Leaving out every picture, copy the lines of the material below exactly, from the line containing "九州森林管理局長賞＝大分県立日田林工高等学校" through the line containing "TOMA VIOLENTA. GRUPOS".

RECORDS FOR THE EXERCISE section start

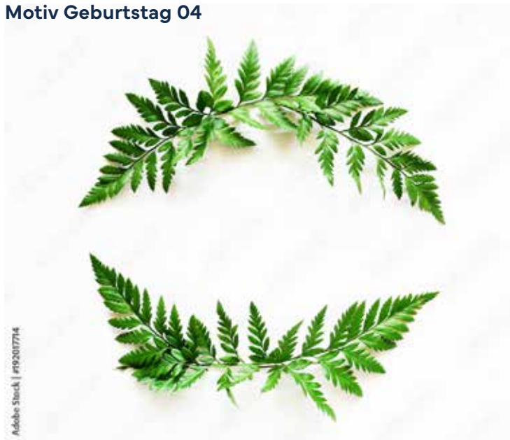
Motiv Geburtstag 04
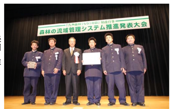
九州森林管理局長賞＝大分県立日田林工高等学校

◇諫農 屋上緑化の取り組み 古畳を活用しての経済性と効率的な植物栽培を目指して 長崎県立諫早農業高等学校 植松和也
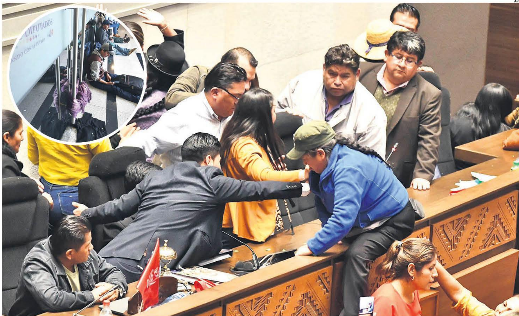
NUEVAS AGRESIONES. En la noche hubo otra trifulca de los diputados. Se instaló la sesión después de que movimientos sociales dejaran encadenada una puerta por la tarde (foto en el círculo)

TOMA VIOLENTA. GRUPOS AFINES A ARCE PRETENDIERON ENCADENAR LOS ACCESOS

RECORDS FOR THE EXERCISE section end
RECORDS FOR THE EXERCISE section start

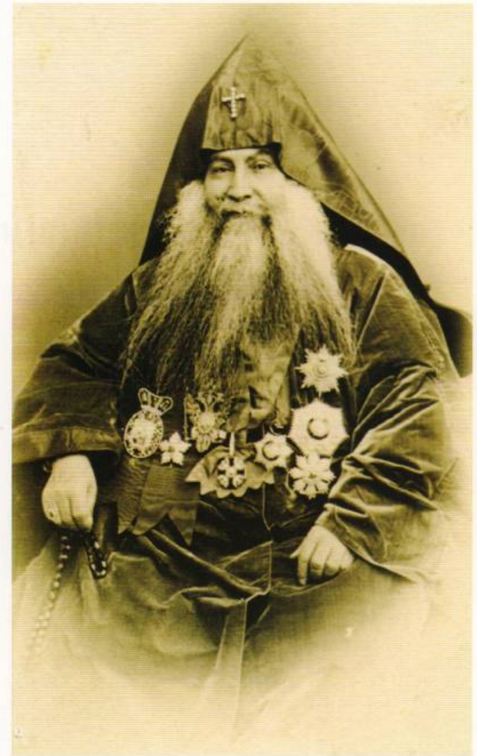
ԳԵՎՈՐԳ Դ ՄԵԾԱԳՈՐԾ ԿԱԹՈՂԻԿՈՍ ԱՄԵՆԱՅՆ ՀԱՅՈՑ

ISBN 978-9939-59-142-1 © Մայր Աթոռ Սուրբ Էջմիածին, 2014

RECORDS FOR THE EXERCISE section end
RECORDS FOR THE EXERCISE section start

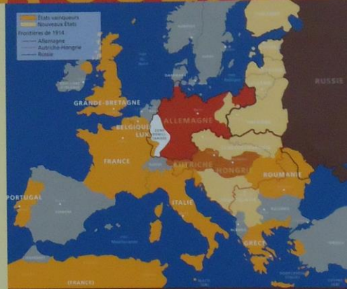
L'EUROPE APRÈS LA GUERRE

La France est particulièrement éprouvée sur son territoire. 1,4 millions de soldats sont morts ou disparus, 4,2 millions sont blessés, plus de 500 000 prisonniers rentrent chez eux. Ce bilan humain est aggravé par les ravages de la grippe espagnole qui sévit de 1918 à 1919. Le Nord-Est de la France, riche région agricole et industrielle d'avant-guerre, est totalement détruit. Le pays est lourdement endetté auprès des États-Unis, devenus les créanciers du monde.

RECORDS FOR THE EXERCISE section end

SOLUTION:
九州森林管理局長賞＝大分県立日田林工高等学校

◇諫農 屋上緑化の取り組み 古畳を活用しての経済性と効率的な植物栽培を目指して 長崎県立諫早農業高等学校 植松和也
NUEVAS AGRESIONES. En la noche hubo otra trifulca de los diputados. Se instaló la sesión después de que movimientos sociales dejaran encadenada una puerta por la tarde (foto en el círculo)

TOMA VIOLENTA. GRUPOS AFINES A ARCE PRETENDIERON ENCADENAR LOS ACCESOS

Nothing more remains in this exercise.